TASK REQUIREMENTS: Your output must be the lines below from the line containing "Hängendes Pflanzgefäß mit" to the line containing "Acus One Forstrings", both lines included, reproduced exactly and without pictures.

RAW DATA:
+---+

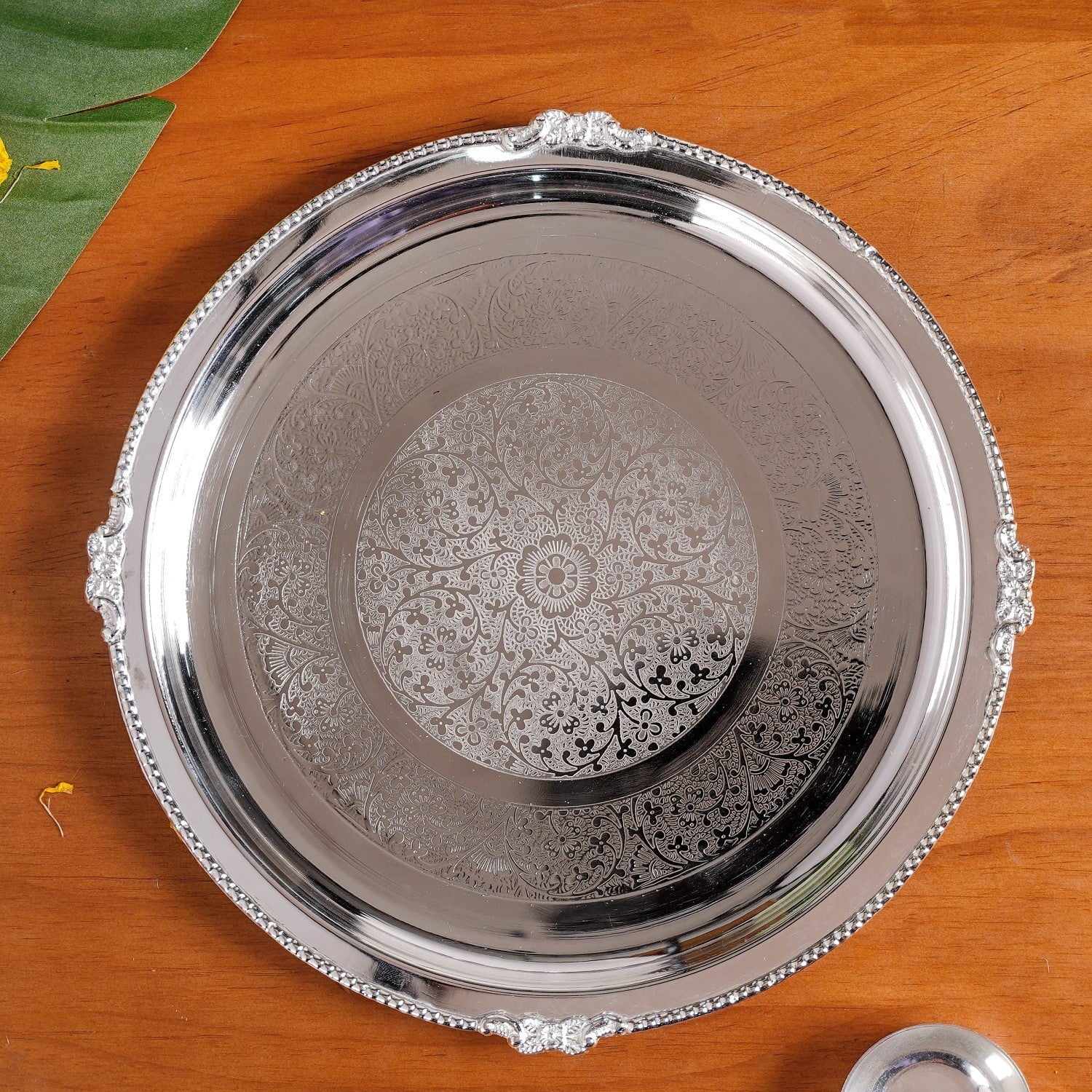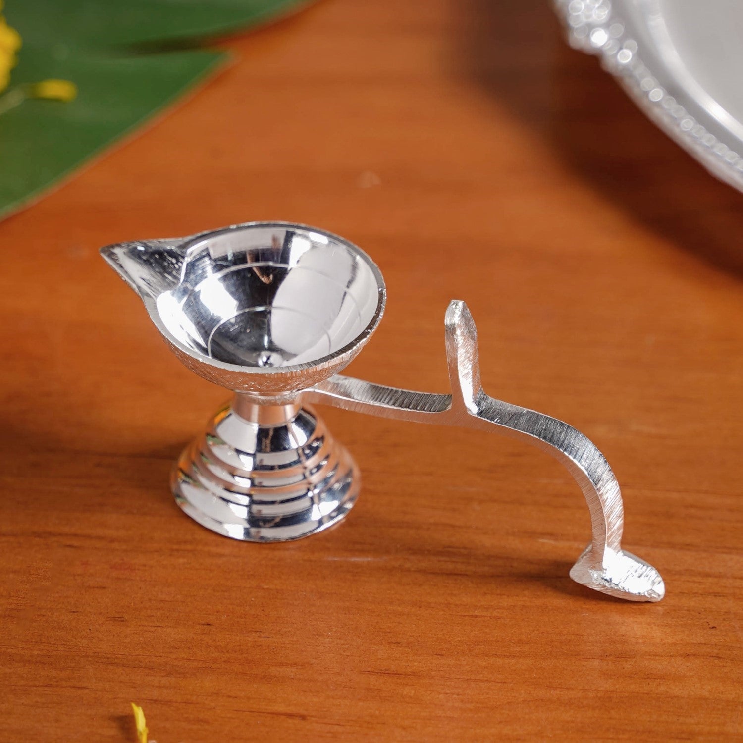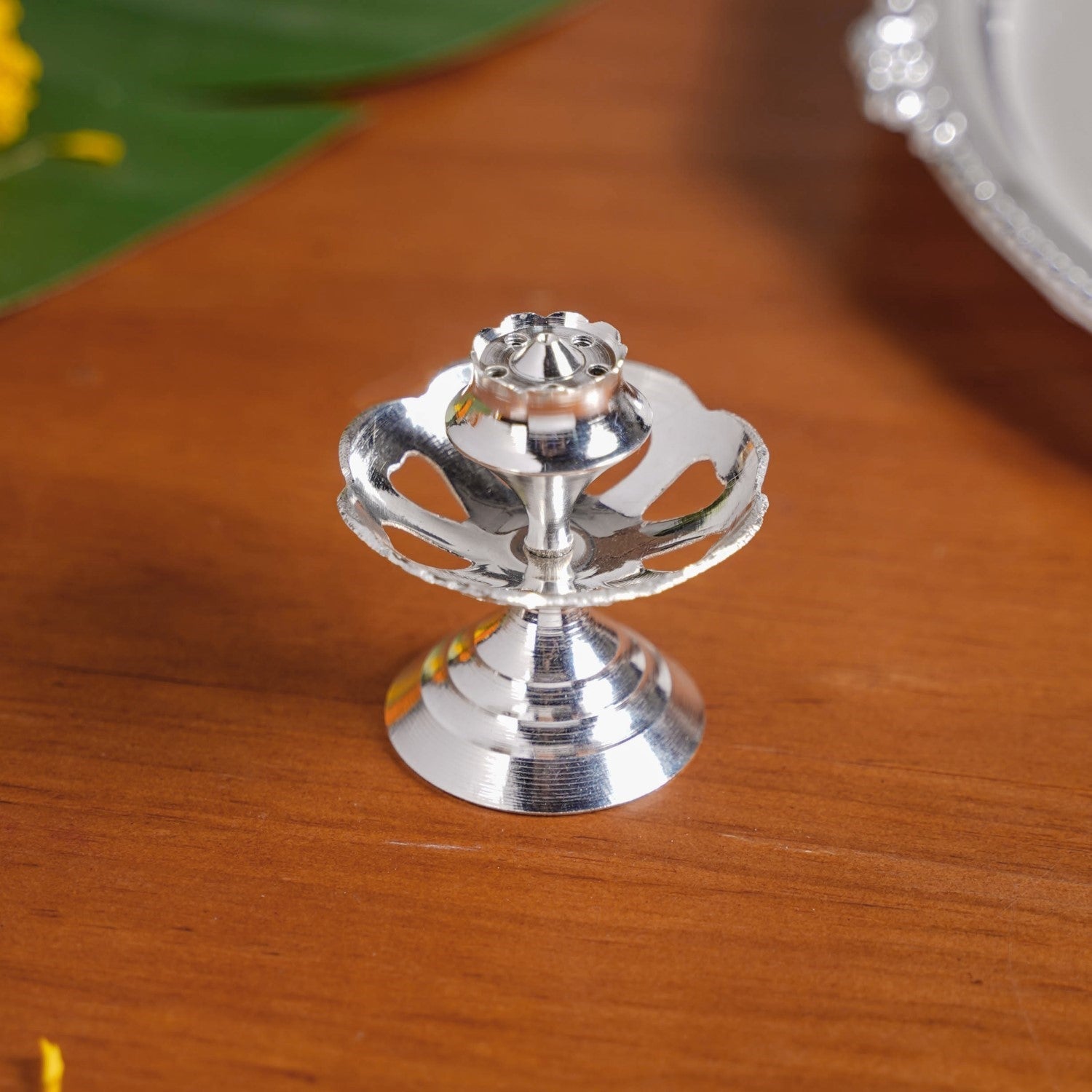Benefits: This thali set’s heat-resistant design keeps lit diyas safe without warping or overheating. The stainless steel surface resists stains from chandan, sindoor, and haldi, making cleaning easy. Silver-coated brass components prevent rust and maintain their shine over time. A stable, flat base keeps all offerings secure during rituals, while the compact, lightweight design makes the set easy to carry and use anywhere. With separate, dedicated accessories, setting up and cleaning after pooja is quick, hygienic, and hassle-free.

+---+

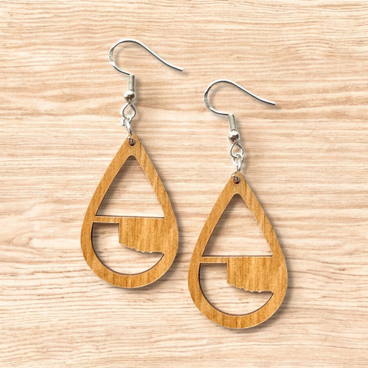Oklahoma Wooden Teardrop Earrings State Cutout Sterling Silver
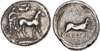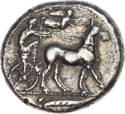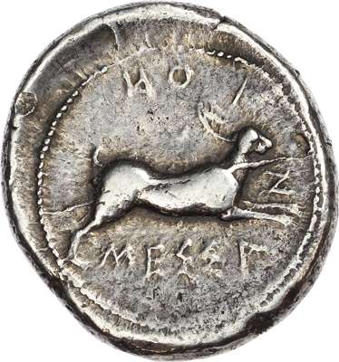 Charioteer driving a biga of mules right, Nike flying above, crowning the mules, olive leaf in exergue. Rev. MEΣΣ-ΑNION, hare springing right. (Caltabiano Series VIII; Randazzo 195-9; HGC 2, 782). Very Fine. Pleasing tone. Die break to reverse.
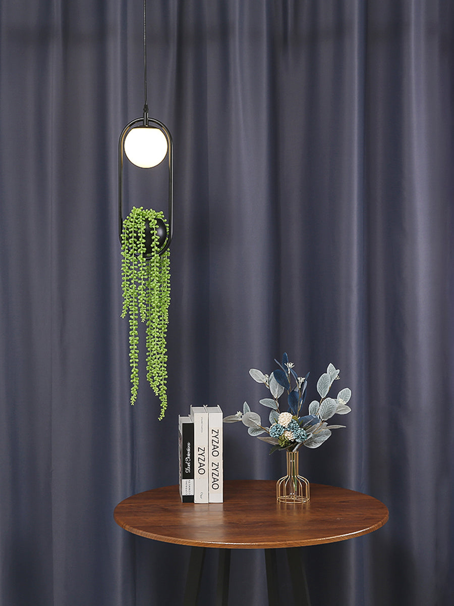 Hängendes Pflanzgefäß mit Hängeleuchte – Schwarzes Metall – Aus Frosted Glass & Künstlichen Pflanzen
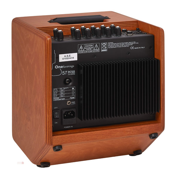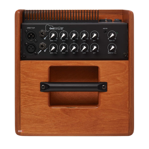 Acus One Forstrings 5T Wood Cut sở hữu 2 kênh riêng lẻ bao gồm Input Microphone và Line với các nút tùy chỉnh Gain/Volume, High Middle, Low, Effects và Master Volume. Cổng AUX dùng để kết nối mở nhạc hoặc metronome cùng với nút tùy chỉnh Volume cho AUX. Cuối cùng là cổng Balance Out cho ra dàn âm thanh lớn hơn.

+---+

TASK OUTPUT:
 Hängendes Pflanzgefäß mit Hängeleuchte – Schwarzes Metall – Aus Frosted Glass & Künstlichen Pflanzen
 Acus One Forstrings 5T Wood Cut sở hữu 2 kênh riêng lẻ bao gồm Input Microphone và Line với các nút tùy chỉnh Gain/Volume, High Middle, Low, Effects và Master Volume. Cổng AUX dùng để kết nối mở nhạc hoặc metronome cùng với nút tùy chỉnh Volume cho AUX. Cuối cùng là cổng Balance Out cho ra dàn âm thanh lớn hơn.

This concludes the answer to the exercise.